Bronze is an alloy that contains at least 60% copper and 40% tin. The addition of tin provides more hardness, prevents corrosion and changes its color and that is why it is used to make statues.

Bronze changes its color depending on the proportion of the metals that compose it. If the tone of the bronze is more golden, it has less copper. If instead it is redder, it has more copper.

Making of musical instruments

The saxophone is an example of musical instruments made of brass.

Some wind musical instruments such as trumpets are made of brass. This alloy contains approximately 82% copper and 18% zinc, and is known for its hardness.

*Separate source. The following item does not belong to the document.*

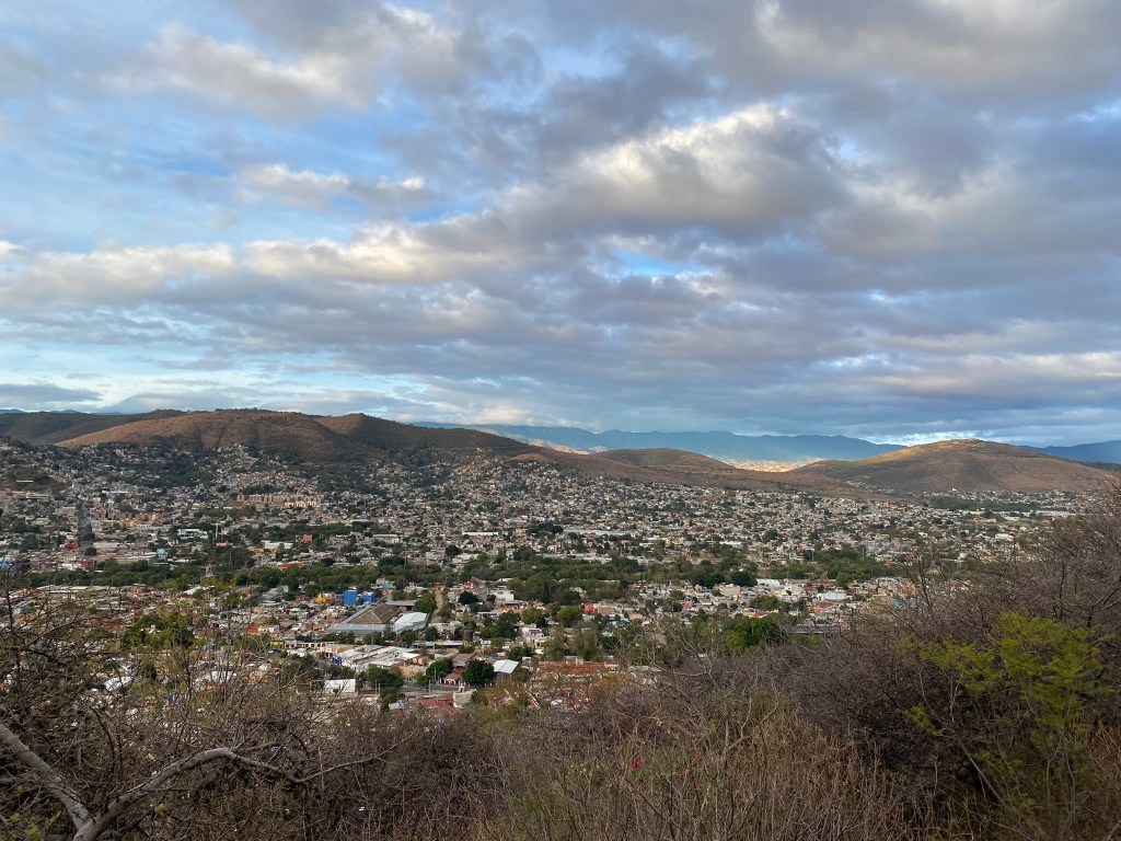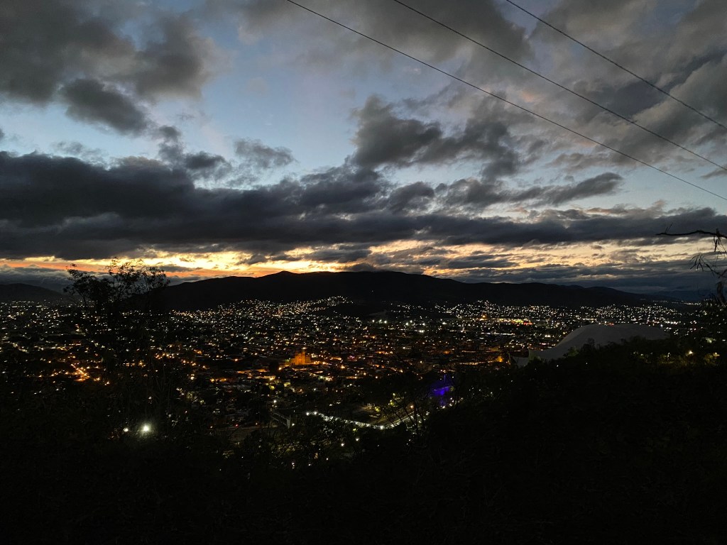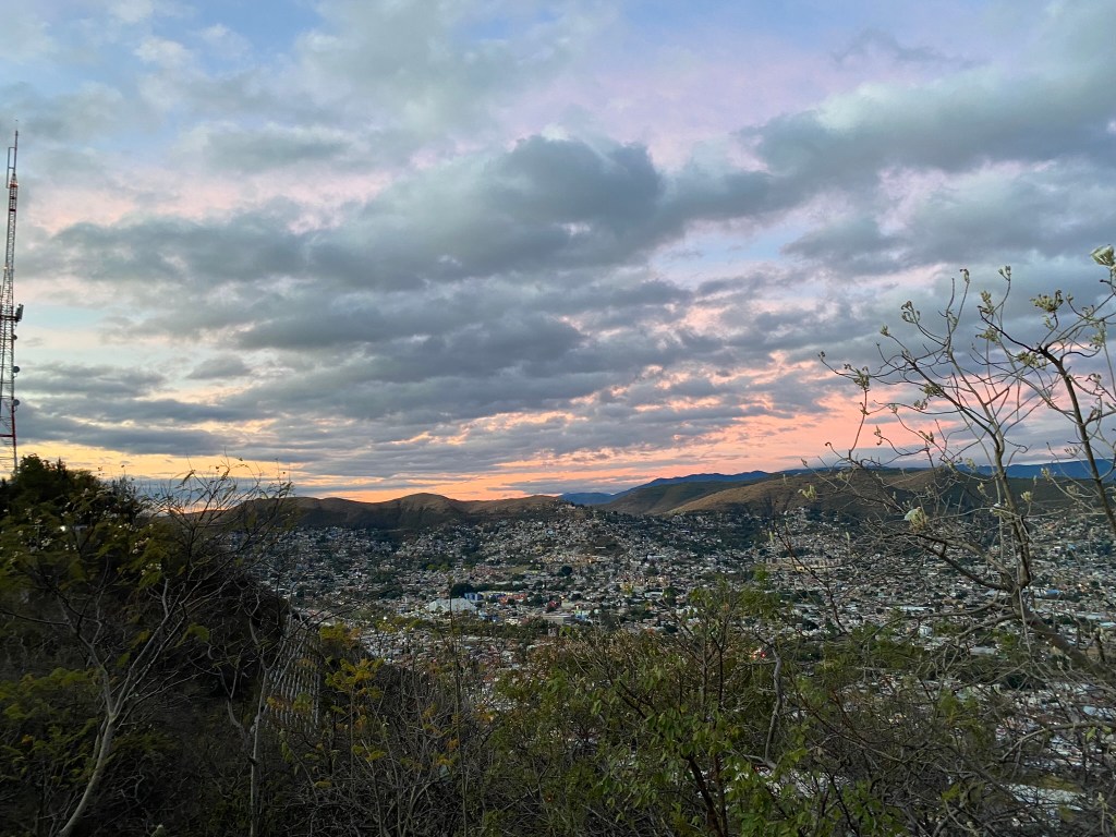Eine Sache, die ich in Oaxaca auf jeden Fall noch machen wollte bevor ich weiter reise, war den Sonnenaufgang auf dem Auditoria Guelaguetza zu sehen. Das Auditoria ist ein beliebter Veranstaltungsort, welcher sich auf Grund seiner Lage oberhalb der Stadt auch gut als Aussichtspunkt über die Stadt eignet. Da die Sonne um 6.40 aufgeht, musste ich bereits um 5.30 vom Hostel los und habe sogar noch mit dem Volunteer Ricardo und einem Mädchen aus Indien 2 Mitstreiter gefunden, die sich in der Früh dort zusammen mit mir hochquälten. Am Fuß des Hügels angekommen ging es dann zuerst eine Treppe hoch und dann über eine Straße weiter nach oben. Oben angekommen konnten wir dann einen wundervollen Blick auf die Stadt genießen und auch der Sonnenaufgang war trotz einer dicken Wolkendecke schön anzusehen.

As in the previous example, the color of the alloy is an indicator of its copper content. If the metal is red, the zinc percentage is less than 18%, if it is gold, the alloy has more zinc and less copper.

Coin crafting

Coins, like pennies, are made of cupro-nickel.

The coins contain an alloy of copper and nickel, called cupro-nickel. Commonly used proportions for are:

  • 90% copper and 10% nickel.
  • 70% copper and 30% nickel.

Cupro-nickel is highly resistant to corrosion, which is why it is also commonly used in the pipes of desalination plants and in aquaculture cages.

Chemical compounds with atomic copper

Atomic copper can be found in combination with other elements such as oxygen (O), sulfur (S) or chlorine (Cl). Examples of these chemical compounds and their most common uses are listed below.

  • Cupric Sulfate [CuSO4] is a salt commonly used in the agricultural industry as a fertilizer and pesticide.
  • Cuprous oxide [Cu2O] is used as a fungicide.
  • Mixtures containing cupric oxide [CuO] between 2 and 10% provide ceramic tiles with a metallic shine and shades ranging from turquoise green to deep black.
  • Copper chloride [CuCl2] is used in the oil industry as a catalyst to eliminate a corrosive material called mercaptan.
  • Copper acetate [OCu2 (OAc) 4 (H2O) 2] is used as a catalyst in the chemical industry.

The importance of copper in human physiology

Copper is a very important metal for the functioning of the human body, although the amounts that are ingested seem small, they are enough to generate connective tissue and bone marrow cells such as red blood cells or cells of the immune system.

The amounts of copper required by the body are small, however, these are sufficient to generate connective tissue, red blood cells or macrophages.

That is, it must be ingested through various foods so that it is available in our body. The ideal and recommended is to consume 900 micrograms of copper daily.

Main foods with copper

The foods in the daily diet that contain copper are listed below.

  • Liver: 67 grams provides 1,144% of the daily requirement
  • Oysters: 100 grams provide 844% of the daily requirement.
  • Spirulina: 7 grams contribute 11% of the daily requirement.
  • Mushrooms Shiitake: 15 grams provide 89% of the daily requirement.
  • Nuts and seeds: 28 grams of cashew nuts provide 33% of the daily requirement.
  • Lobster: 85 grams of lobster provide 178% of the daily requirement.
  • Green vegetables: 180 grams of cooked spinach provide 33% of the daily requirement.
  • Dark Chocolate: 100 grams of chocolate with 75% cocoa contains 67% of the daily requirement.